Work item
Produce a faithful copy of the data, one that leaves out the pictures.

Supplied material
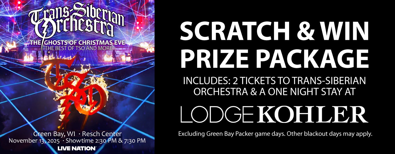 5. Prizes: The Winner(s) of the Campaign (the “Winner”) will receive 2 tickets to Trans Siberian Orchestra, November 11, 2025 at 7:30pm and a one night stay at Lodge Kohler (exclusions apply). This prize package is valued at over $200+. Subject to availability of the facility. Actual/appraised value may differ at time of prize award. The specifics of the prize shall be solely determined by PMI Entertainment Group, Inc. Prizes are not transferable, cannot be redeemed for cash, and cannot be substituted for other items. Any and all prize-related expenses, including without limitation any and all federal, state, and/or local taxes, shall be the sole responsibility of Winner. Acceptance of prize constitutes permission for PMI Entertainment Group, Inc. to use Winner’s name, likeness, and entry for purposes of advertising and trade without further compensation, unless prohibited by law.
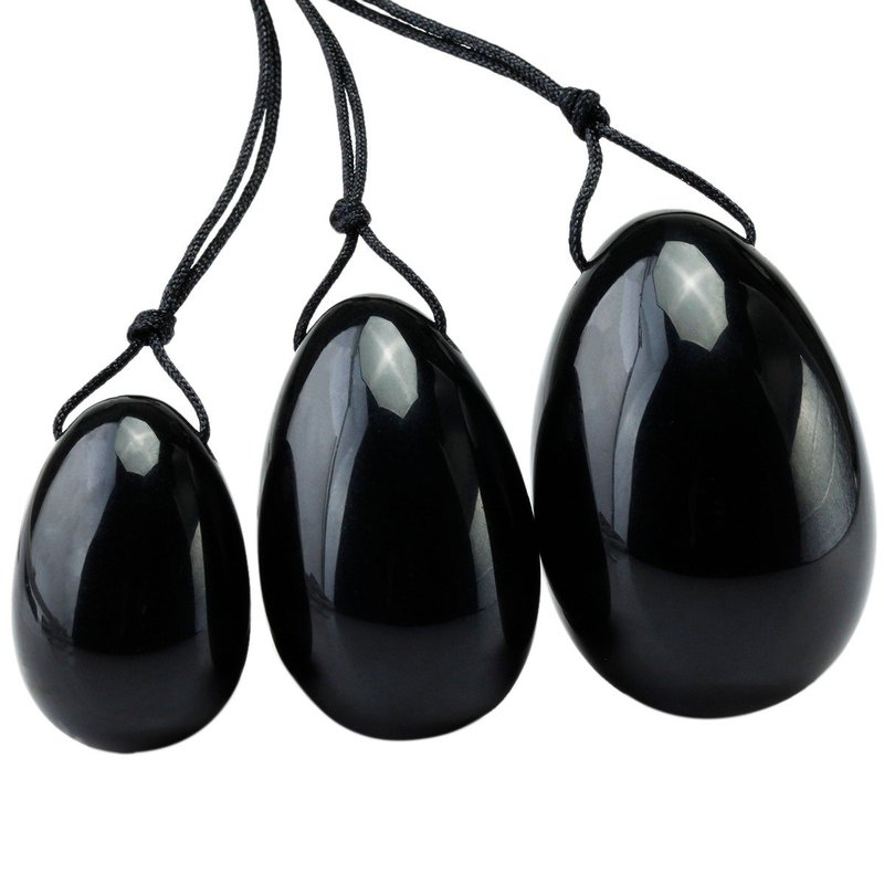 mookaitedecor Black Obsidian Yoni Eggs Set of 3, Predrilled with Unwaxed String, Massage Stones for Women to Strengthen Pelvic Floor Muscles with Velvet Pouch
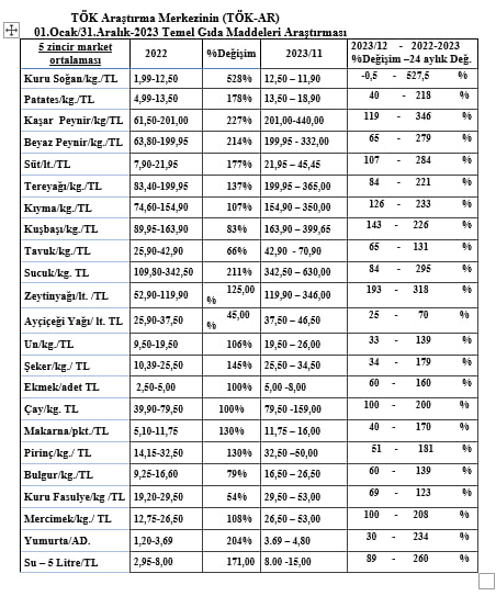 TÖK’ün araştırmasında kullandığı fiyat listesi şöyle:
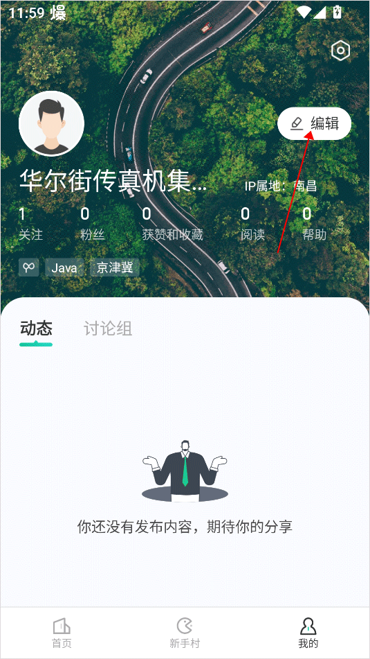 2、来到我的页面,再点击编辑选项;

Reply to the task
 5. Prizes: The Winner(s) of the Campaign (the “Winner”) will receive 2 tickets to Trans Siberian Orchestra, November 11, 2025 at 7:30pm and a one night stay at Lodge Kohler (exclusions apply). This prize package is valued at over $200+. Subject to availability of the facility. Actual/appraised value may differ at time of prize award. The specifics of the prize shall be solely determined by PMI Entertainment Group, Inc. Prizes are not transferable, cannot be redeemed for cash, and cannot be substituted for other items. Any and all prize-related expenses, including without limitation any and all federal, state, and/or local taxes, shall be the sole responsibility of Winner. Acceptance of prize constitutes permission for PMI Entertainment Group, Inc. to use Winner’s name, likeness, and entry for purposes of advertising and trade without further compensation, unless prohibited by law.
 mookaitedecor Black Obsidian Yoni Eggs Set of 3, Predrilled with Unwaxed String, Massage Stones for Women to Strengthen Pelvic Floor Muscles with Velvet Pouch
 TÖK’ün araştırmasında kullandığı fiyat listesi şöyle:
 2、来到我的页面,再点击编辑选项;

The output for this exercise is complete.